1.0 == the xxx-treme 90s in names and jerseys, market to NFL fans and soccer moms/youth teams, who the hell knows what's happening with roster construction

 

2.0 == the above didn't work so let's instead try a different thing -- internationally-styled names, conservative jerseys, designated player era, small urban stadiums (well...mostly), market to young professionals

 

The branding shifts in American soccer were a reaction to the first 10 years of MLS being largely unsuccessful and the league nearly going under. Trend shifts there have naturally trickled down to lower-league soccer as well.

 

I personally would argue that Euro-style names are just as weird as the dated-90s ones, and any benefits in appearing legitimate and historic are balanced out by Europhiles who find them fake and non-Europhile Americans who don't get it.
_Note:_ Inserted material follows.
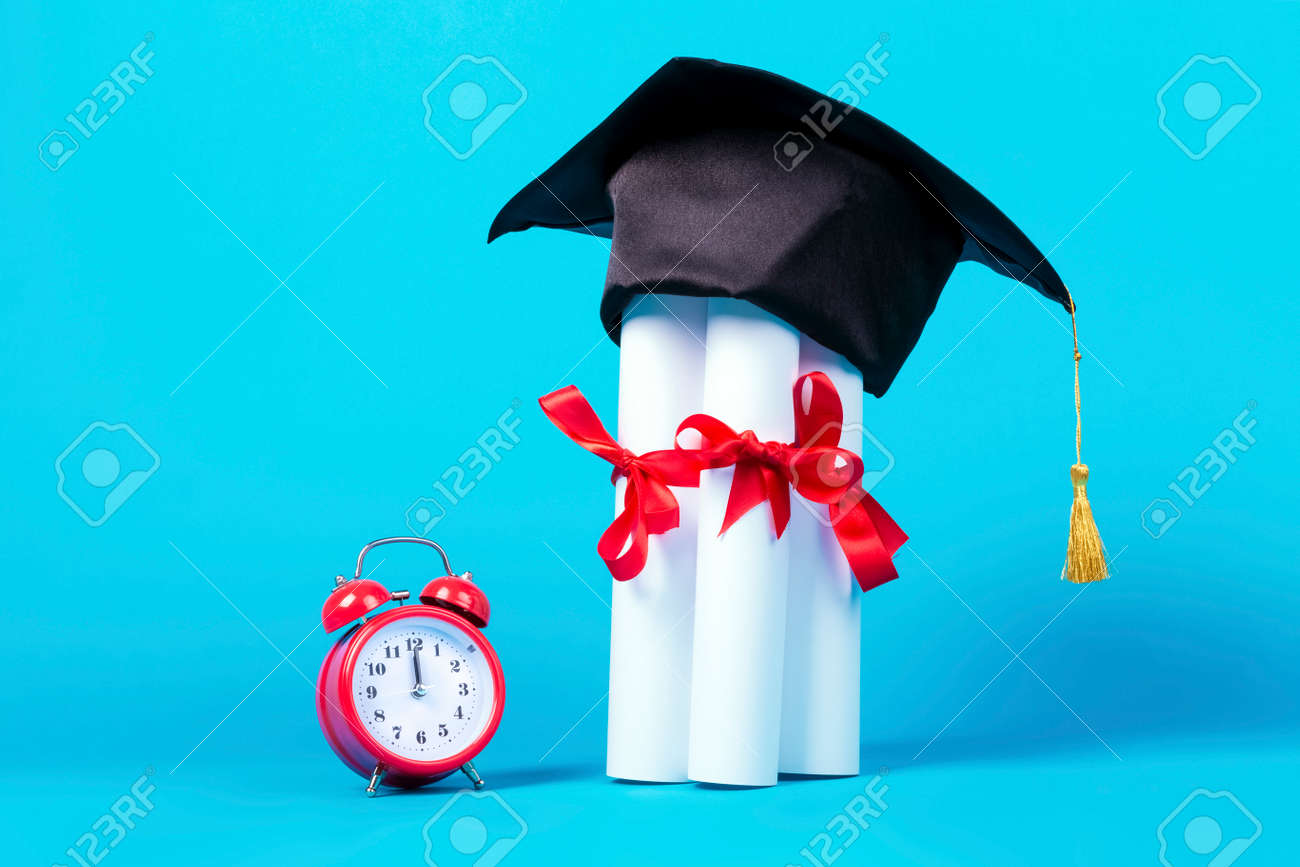 Gorro De Graduación En Diplomas Cerca Del Reloj Rojo, Imagen Sobre Un Fondo Azul, Concepto De Tiempo De Graduación Fotos, retratos, imágenes y fotografía de archivo libres de derecho. Image 121575512
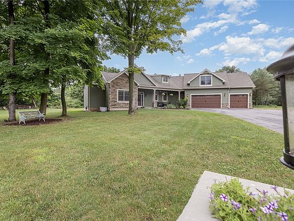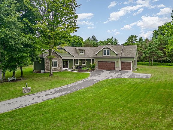 A TRULY RARE OFFERING IN WEBSTER. Newly built Ranch on 3 Wooded Acres! The property is basically surrounded by nature & abundant wildlife! Bike, Hike or Walk the trails of the Gosnell Big Woods Preserve, Herman Road Forever Wild Forest & Whiting Road Nature Preserve. You'll find a vast mature forest & a dense trail network (dog friendly) where you can hike, bike, run, cross country ski, or snowshoe your way all the way to the Lake! The peaceful & serene setting this residence is built on is loaded w/the features you want! Magnificent curb appeal w/open & inviting front porch. Easy living floor plan w/impressive primary suite & great INDE designed cooks' kitchen. Huge, eat-in island w/breakfast bar, pull out pantry & coffee bar w/built-in water line. Smart, Alexa "on demand" lighting! Soaring ceilings & skylight fully optimize the spacious gathering room. A wall of windows along the rear house overlooking private backyard & rear porch. Heated floors in bath & shower. Very well appointed, light & bright interior design. Outside, 2 of the 3-acre parcel is mowed w/1 acre remaining wooded. Visit during Open Houses, BOTH Saturday & Sunday 12:30-2pm. Delayed Negotiations Tuesday 7/16 @5pm

I'd also argue that 2016 is a lot different than 2006, and at this point I think there's enough history in established American soccer clubs that I want to be careful about throwing that out to chase a trend to appear "legitimate". But those things are subjective, and I think most opinions on that subject are. 

 

Like yes, "Burn" is a silly name, and "RailHawks" is a silly name, but "FC" is also a silly name in a country where the sport in question doesn't start with F. But again, subjective.

 

The Kansas City Wiz/Wizards/Sportings have gone from irrelevant to wildly successful in recent years -- is it because they changed their name from American-style to generic Euro-style? Or is it because they moved from an awkward, minor-league-baseball dump to a beautiful soccer-specific stadium, and got a new ownership group that is massively savvy both on and off the field? (And if it's the latter, how much did the former help as a flag to say "things are different now, please pay attention" even if the aesthetic contents of that flag were essentially irrelevant?)
 

And even for clubs like the Rapids and the Crew, who kept their names but ditched their 90s logos for modern, streamlined, vaguely-European looking ones -- how much is to do with appealing to cosmopolitanism, and how much simply reflects design trends we've seen in other sports (let's use the Raptors and the Nets as examples, given MLS's closest analogue is probably the NBA)?

 

I don't really know what my point is, except that shouting "political correctness" and "people are offended" about this, of all things, doesn't quite seem like the right answer.

 

Speaking as a Revolution fan, I'd like our logo to change but our colors to stay the same, and I'm ambivalent about a name change but I want the word Revolution to stay in some way, even if it's a dorky 90s singular-name thing -- my club has history (MLS originals! Five Cup appearances but we lost all of them!) but is also quite obviously dated in some ways. But far more than any of that, I want a stadium in Boston and a signal that ownership is doing what it takes to compete for a title.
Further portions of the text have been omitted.